Nederlandse naam:
Hulstvlieg
Wetenschappelijke naam:
Phytomyza ilicis

Wetenschappelijke naam: Phytomyza ilicis
Synoniemen: –
Nederlandse naam: Hulstvlieg
Taxonomische indeling: Diptera: Agromyzidae

Beschrijving en levenscyclus:
Een algemeen voorkomende soort, waarvan de larve geelachtige, vlekkerige mijnen in hulstbladeren maakt. De soort behoort tot de familie van mineervliegjes – Agromyzidae.
De mineervliegjes (Agromyzidae) zijn zeer kleine vliegen, die op het eerste gezicht op miniatuur-huisvliegen lijken. De adering van hun vleugels is nogal gevarieerd. De larven van de meeste soorten zijn bladmineerders. Elke soort heeft een min of meer karakteristieke mijn en heeft de neiging zich te voeden met één bepaalde groep planten. Mineervliegen worden meestal gedetermineerd aan de hand van de vorm van de mineergangen van de larven.

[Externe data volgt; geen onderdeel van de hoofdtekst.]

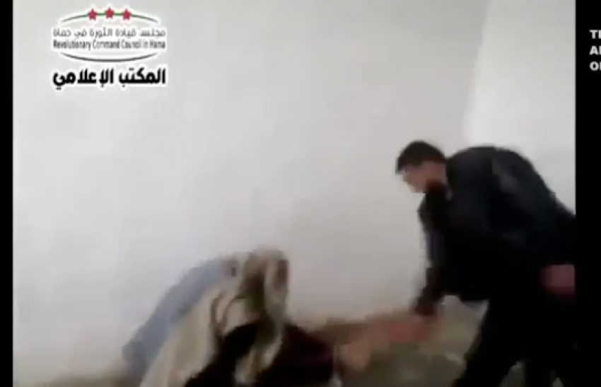 Κτηνωδία των λεγόμενων «αντικαθεστωτικών» στη Συρια. Μια γυναίκα δεμένη πεσμένη στο πάτωμα, σκεπασμένη για να μη βλέπει ουρλιάζει και εκλιπαρεί τους βασανιστές της. Την μαστιγώνουν με μανία και τα γέλια τους ακούγονται καθαρά στο βίντεο που έχει αναρτηθεί προφανώς από τους ίδιους.
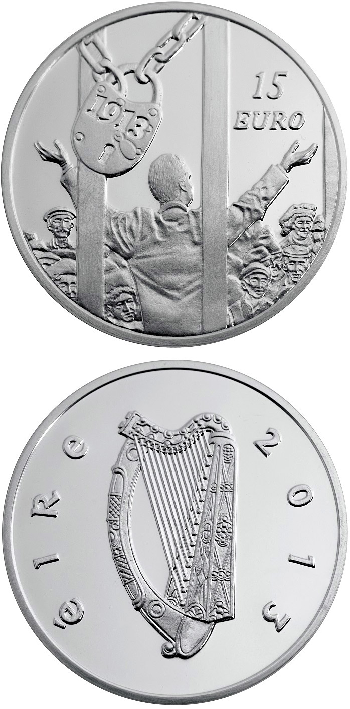 The 2013 €15 Silver Proof coin commemorating the centenary of the 1913 Dublin Lockout will be launched on 24 September 2013. The coin has been designed by renowned sculptor Rory Breslin.
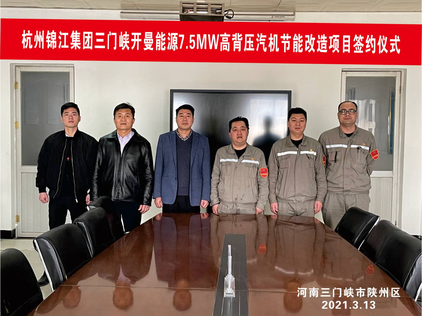 熱烈祝賀公司簽訂中國五百強杭州錦江集團三門峽開曼(陜縣)能源綜合利用有限公司7.5MW高背壓式汽輪機組節(jié)能改造EPC項目
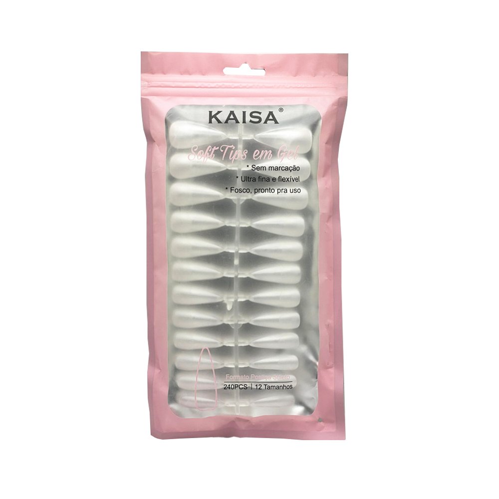 Soft Tips em Gel Stileto Transparente Base Fosca Kaisa 240 unidades

Adult: het vliegje is 3 – 4 mm lang. Het lichaam is gewoonlijk donker bruin tot zwart gekleurd; de poten zijn bruin tot zwart.

Ei: 0,3 bij 0,4 mm; wit.

Larve: ongeveer 4 mm lang, gelig, rolrond, naar voren spits toelopend. Kop (deels verborgen) staafvormig, zwart. De larven van deze soort maken geelachtige, vlekkerige mijnen in hulstbladeren.

Pop: 3 – 4 mm lang, bruin.

De adult vliegt in mei – juni. De eitjes worden afzonderlijk op de bovenzijde van het blad afgezet. De larve boort zich door de epidermis en mineert in het blad. Hierdoor ontstaat een vrij grote blaasmijn die meestal slechts een deel van het blad beslaat. Ook de adulten voeden zich met hulstbladeren. Ze prikken er gaatjes in en zuigen ter plaatse de cellen leeg. Nadat de larve in de mijn heeft overwinterd, vindt in het voorjaar de verpopping in een ‘tonnetje’ in het blad plaats. Er is één generatie per jaar.

Type aantasting:
Mineren van bladeren.

Waardplanten:
Ilex, voornamelijk Ilex aquifolium.

Aangetaste plantendelen:
Bladeren.

Aantastingsbeeld:
Grote, onregelmatig gevormde geelvlekkige blaasmijn aan bovenzijde van het blad. De blaasmijnen die in de nazomer worden gevormd, zijn waarneembaar als lichtgroene plekken naast de hoofdnerf. Na de overwintering van de larve worden ze in maart en begin april ze door de larve vergroot en krijgen ze een opvallende geelachtige kleur. Het is moeilijk om de aanwezigheid van de jonge larven in de hoofdnerf waar te nemen. Het enige herkenningspunt wordt gevormd door de kleine bruine plekjes waar eitjes op de hoofdnerf zijn gelegd. Opvallender zijn de lichtgekleurde vlekjes (soms gaatjes) op de bladeren, die ontstaan als gevolg van de zuigactiviteit van de imago’s.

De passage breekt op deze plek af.